-- Opening Marker --
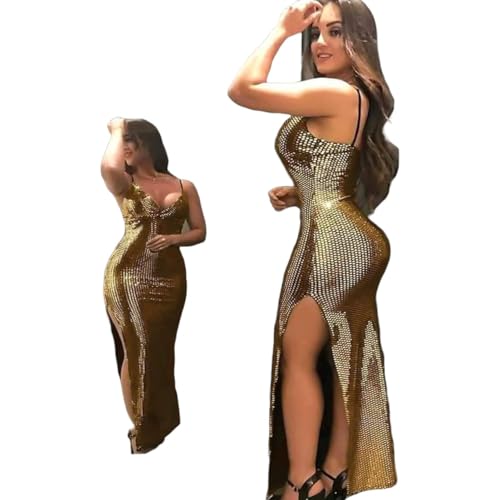 Shiny sidewall long dress with open chest design - eye-catching style
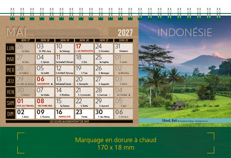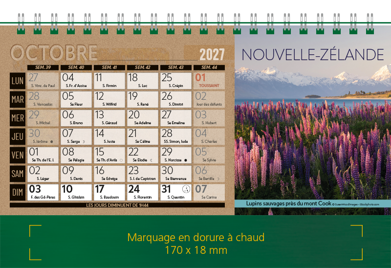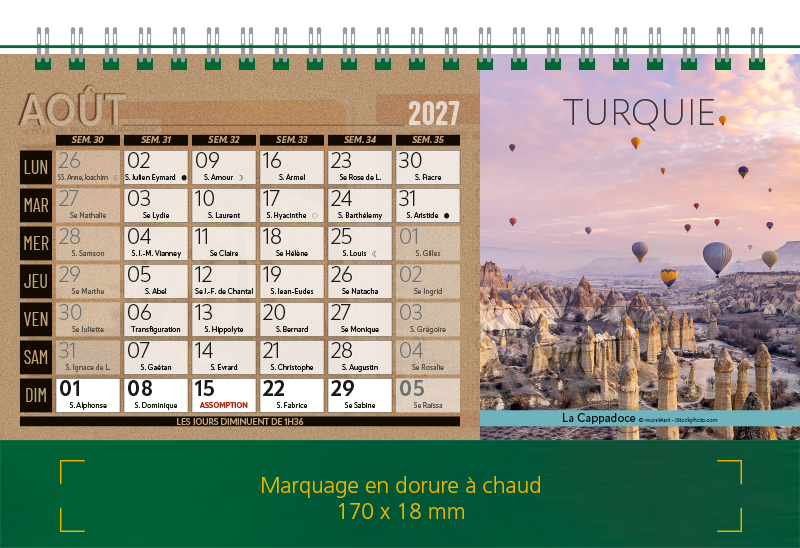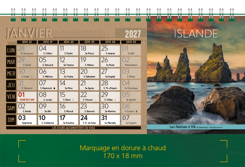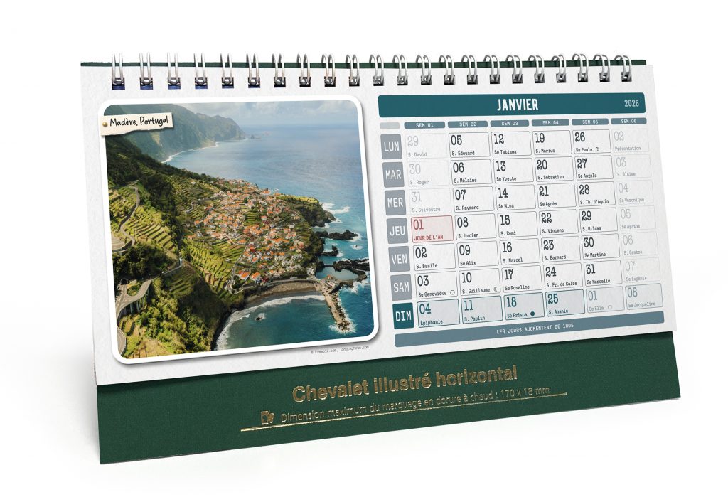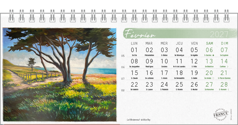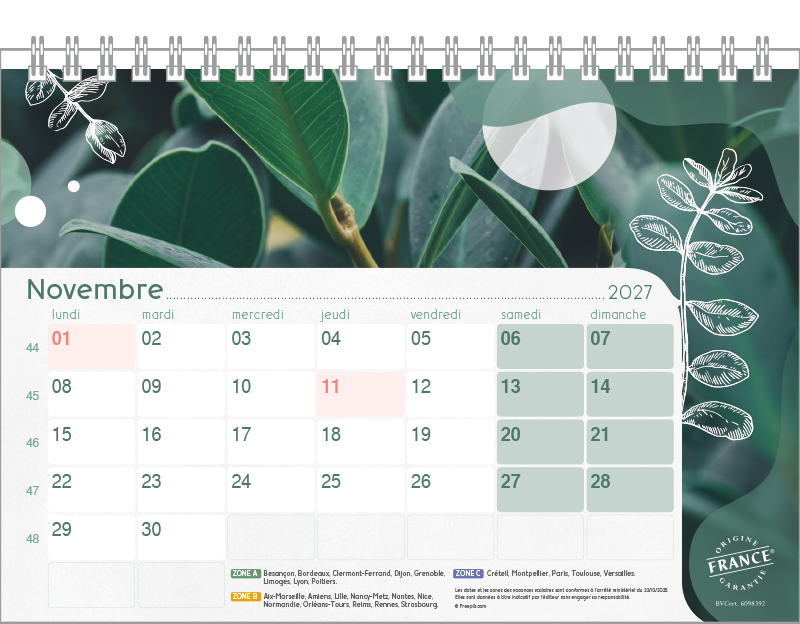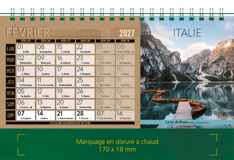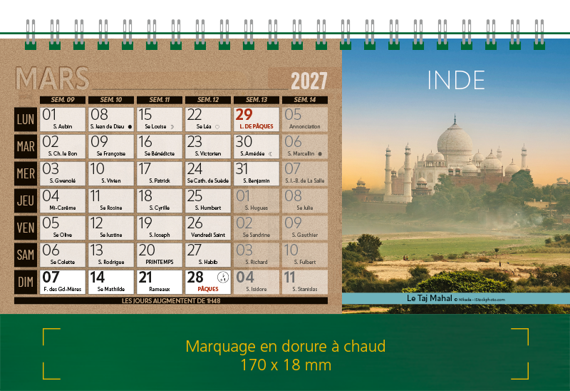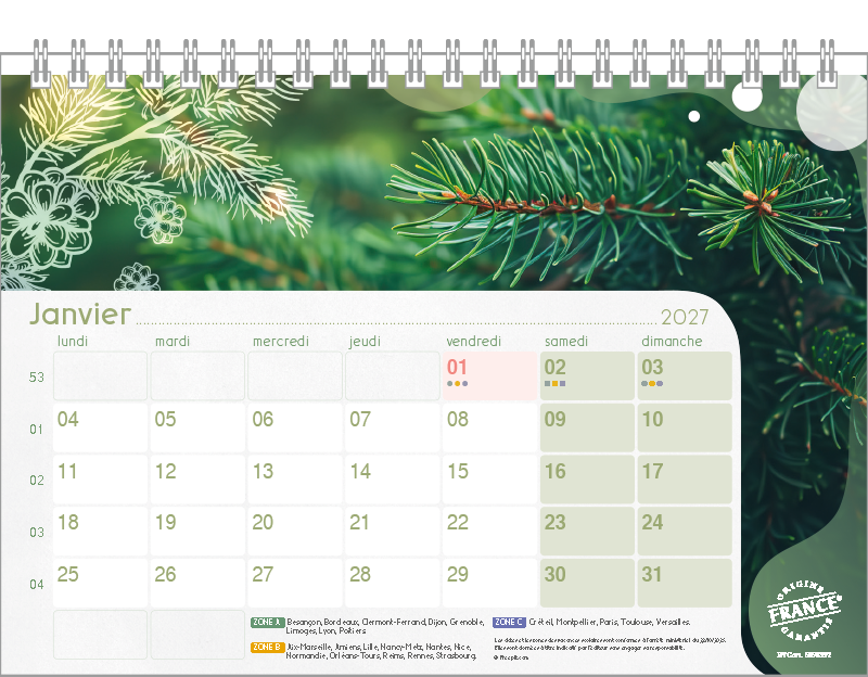 Support Pelline verte dorure à chaud. Blocs 12 feuillets imprimés recto/verso. Reliure spirale blanche. Grille mensuelle Fêtes / N°semaine / Lunaisons
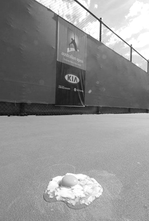 果然,昨天一大早,炙熱的陽光便烤得人們頭昏眼花,氣溫也很快躥升到40攝氏度以上,使得整個(gè)墨爾本像一個(gè)大火爐。據(jù)報(bào)道,墨爾本郊外的鐵軌在烈日暴曬下,部分已經(jīng)變形,火車因此延誤。有記者在賽場(chǎng)中央試著打了個(gè)雞蛋,沒想到雞蛋竟被煎熟了。
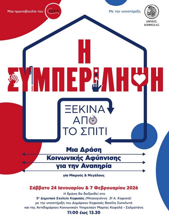 Μετά την επιτυχημένη πρώτη δράση “Η Συμπερίληψη ξεκινά από το Σπίτι», στο πλαίσιο του πιλοτικού 1ου Εκπαιδευτικού Προγράμματος Κοινωνικής Αφύπνισης που υλοποιεί ο Σύνδεσμος Κοινωνικής Ευθύνης για Παιδιά και Νέους (Σ.Κ.Ε.Π.) σε συνεργασία με τον Δήμο Κηφισιάς, προσκαλεί το Σάββατο 7 Φεβρουαρίου, στη βιωματική δράση, που θα φιλοξενηθεί ξανά στο 5ο Δημοτικό Σχολείο Κηφισιάς (Μπακογιάννη 31Α – Κηφισιά) στις 11.00. π.μ.
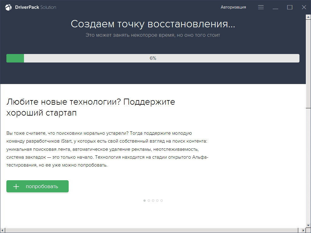 Разработчиками предусмотрена настройка резервной копии. При первом использовании функция включается автоматически. Поэтому даже новое ПО не испортит работу компьютера в случае установки неподходящих драйверов, скачанных программой DriverPack Online.
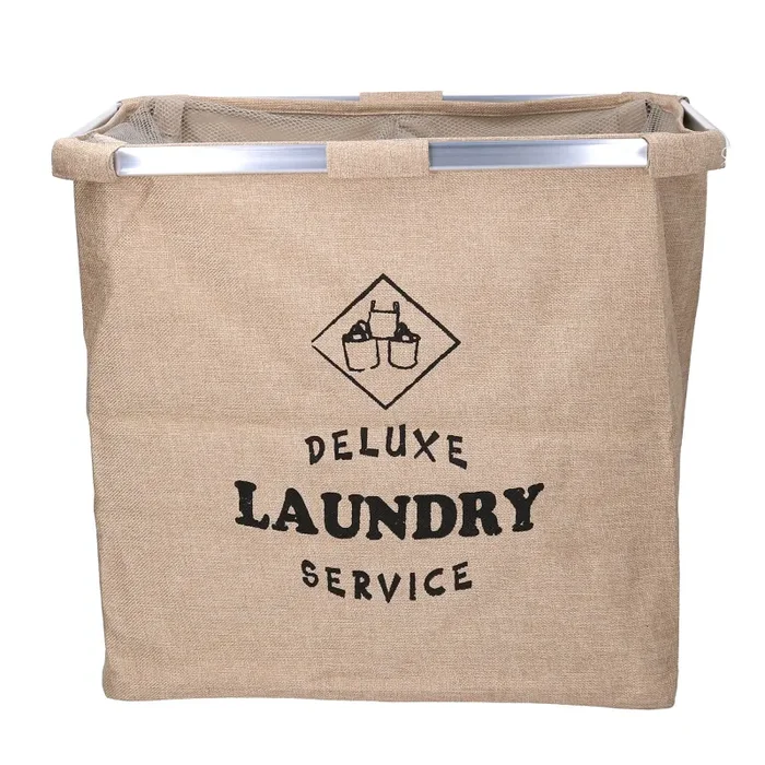 Cesto Portabiancheria in tessuto sacco beige doppio pieghevole cm 54×34,5xh50,5
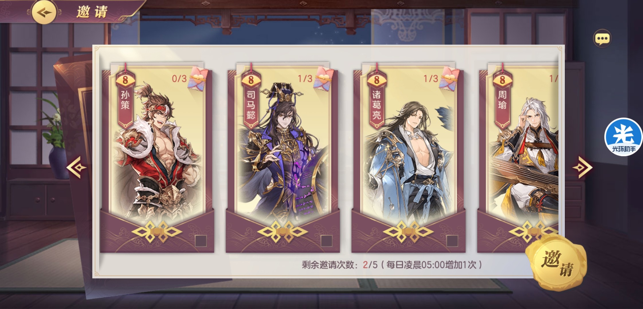①右上角的充值按钮,点进去会有一个每周/每日免费福包,记得领取。福包可以略微提速武将的培养
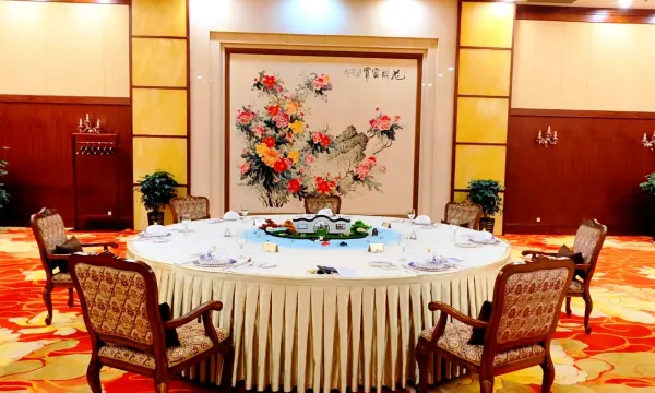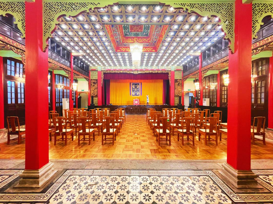 云南震庄迎宾馆文保建筑绣楼,原为观赏戏曲演出的地方,又是另一番经典设计,现在已改为会议使用。典型的中式风格,红底金龙图案藻井之下悬挂的六边圆柱宫灯,雕梁画柱的木结构风格,搭配雕花木屏风及花山,古典尊贵之风溶于其中。回忆历史沧桑,感受非同一般,实为会议首选之地。
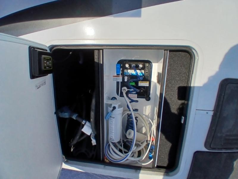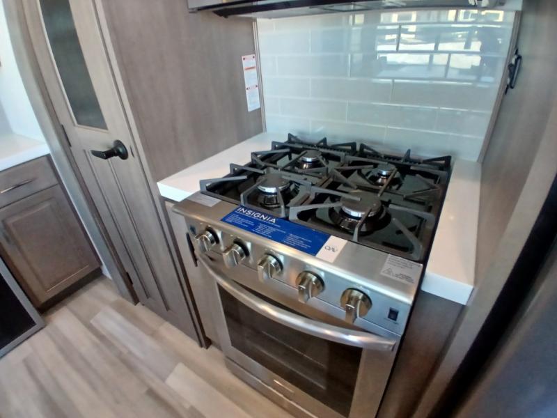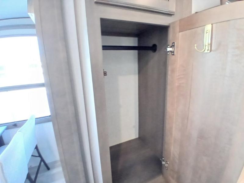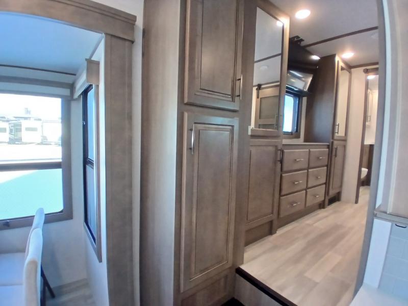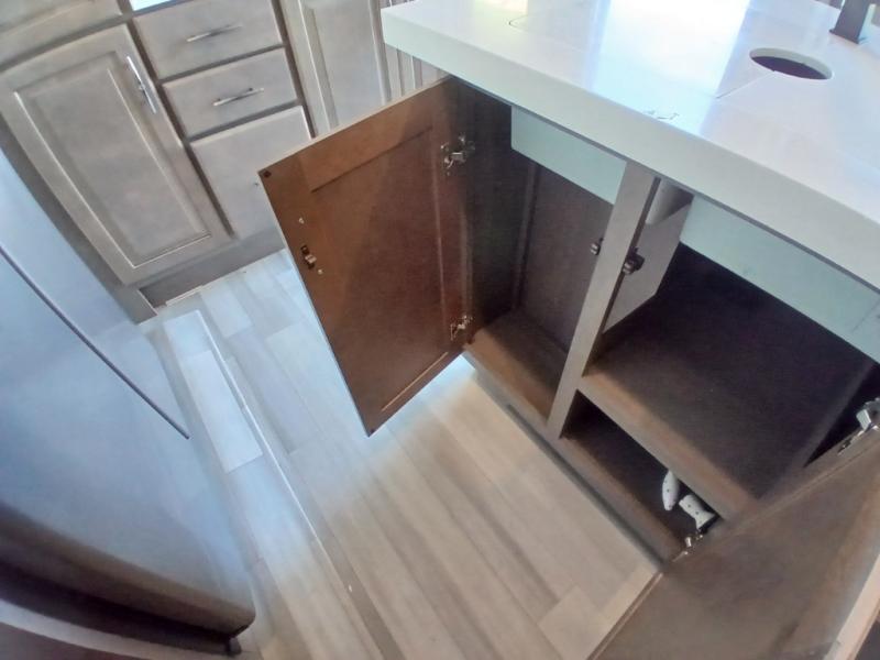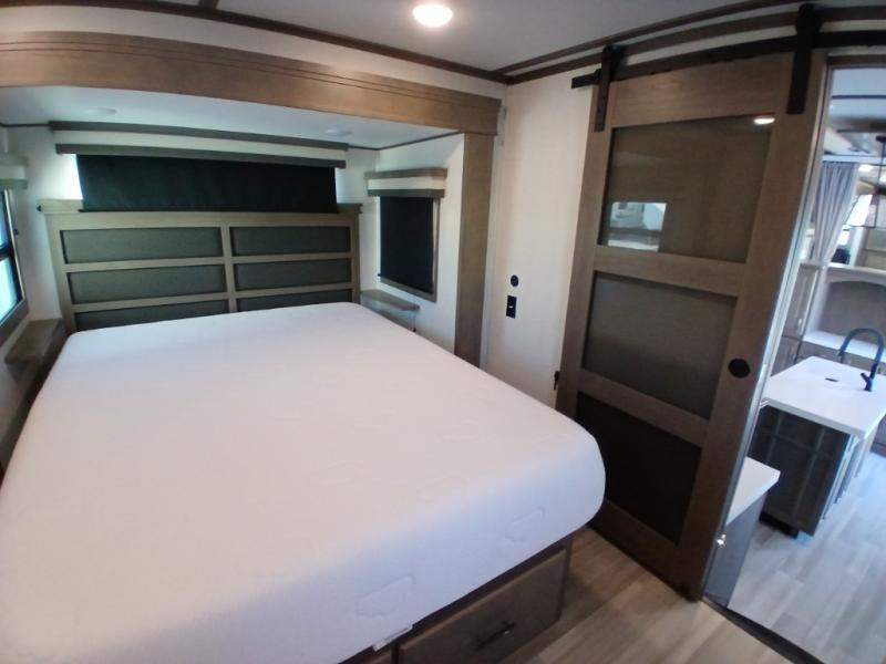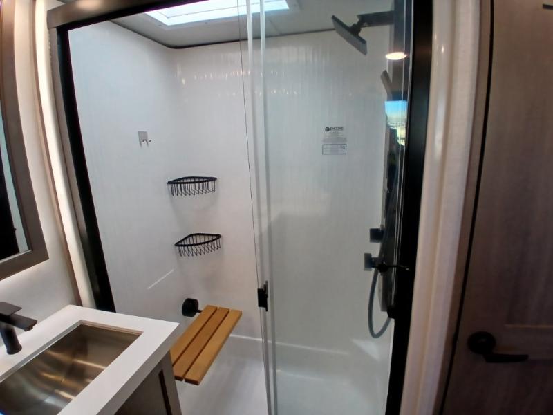If you enjoy entertaining while camping, you will love this setup with a wet bar including a beverage cooler, a kitchen island to set snacks on, and a hutch for storing dishes plus it also provides more counter space. And, the gourmet kitchen appliances with a 24" residential oven and four-burner range along with a 20 cu. ft. refrigerator allow you to cook any meal for your family and friends. The separate front living room is spacious with dual opposing tri-fold sofa slides and theater seating, and a front wall with an LED telescoping TV and fireplace below plus storage for entertaining. There is also a curtain to close at the pony wall for privacy when friends are sleeping on the sofas. You will have your own master bedroom with a queen bed slide (or optional king), wardrobes, an LED TV, plus sliding doors that lead into the private master bath. Here you will find dual sinks, a shower with flip-down teak seat and skylight, plus a space prepped to add an optional washer/dryer which is great for when you plan to stay awhile.
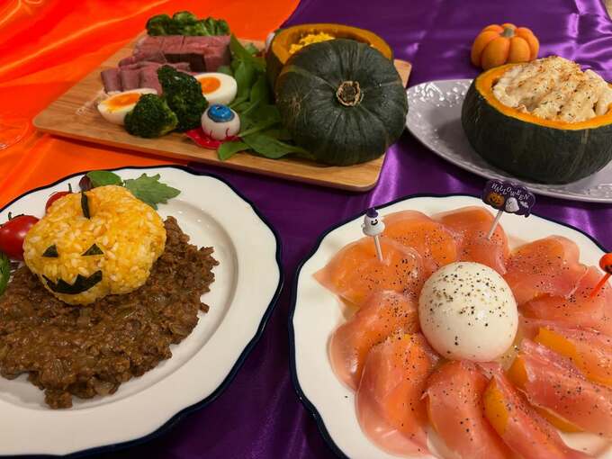 2枚目にはジャック・オ・ランタンをかたどったサフランライスのキーマカレーやカボチャの中に仕込んだグラタン、そして生ハム&モッツァレラチーズやローストビーフなど、ごちそうがぎっしり並ぶ写真を投稿しています。
-- Closing Marker --
The answer should contain only the lines from the start of the records above through the line with "云南震庄迎宾馆文保建筑绣楼,原为观赏戏曲", copied exactly, and no pictures.

_WRITTEN REPLY_
 Shiny sidewall long dress with open chest design - eye-catching style
 Support Pelline verte dorure à chaud. Blocs 12 feuillets imprimés recto/verso. Reliure spirale blanche. Grille mensuelle Fêtes / N°semaine / Lunaisons
 果然,昨天一大早,炙熱的陽光便烤得人們頭昏眼花,氣溫也很快躥升到40攝氏度以上,使得整個(gè)墨爾本像一個(gè)大火爐。據(jù)報(bào)道,墨爾本郊外的鐵軌在烈日暴曬下,部分已經(jīng)變形,火車因此延誤。有記者在賽場(chǎng)中央試著打了個(gè)雞蛋,沒想到雞蛋竟被煎熟了。
 Μετά την επιτυχημένη πρώτη δράση “Η Συμπερίληψη ξεκινά από το Σπίτι», στο πλαίσιο του πιλοτικού 1ου Εκπαιδευτικού Προγράμματος Κοινωνικής Αφύπνισης που υλοποιεί ο Σύνδεσμος Κοινωνικής Ευθύνης για Παιδιά και Νέους (Σ.Κ.Ε.Π.) σε συνεργασία με τον Δήμο Κηφισιάς, προσκαλεί το Σάββατο 7 Φεβρουαρίου, στη βιωματική δράση, που θα φιλοξενηθεί ξανά στο 5ο Δημοτικό Σχολείο Κηφισιάς (Μπακογιάννη 31Α – Κηφισιά) στις 11.00. π.μ.
 Разработчиками предусмотрена настройка резервной копии. При первом использовании функция включается автоматически. Поэтому даже новое ПО не испортит работу компьютера в случае установки неподходящих драйверов, скачанных программой DriverPack Online.
 Cesto Portabiancheria in tessuto sacco beige doppio pieghevole cm 54×34,5xh50,5
①右上角的充值按钮,点进去会有一个每周/每日免费福包,记得领取。福包可以略微提速武将的培养
 云南震庄迎宾馆文保建筑绣楼,原为观赏戏曲演出的地方,又是另一番经典设计,现在已改为会议使用。典型的中式风格,红底金龙图案藻井之下悬挂的六边圆柱宫灯,雕梁画柱的木结构风格,搭配雕花木屏风及花山,古典尊贵之风溶于其中。回忆历史沧桑,感受非同一般,实为会议首选之地。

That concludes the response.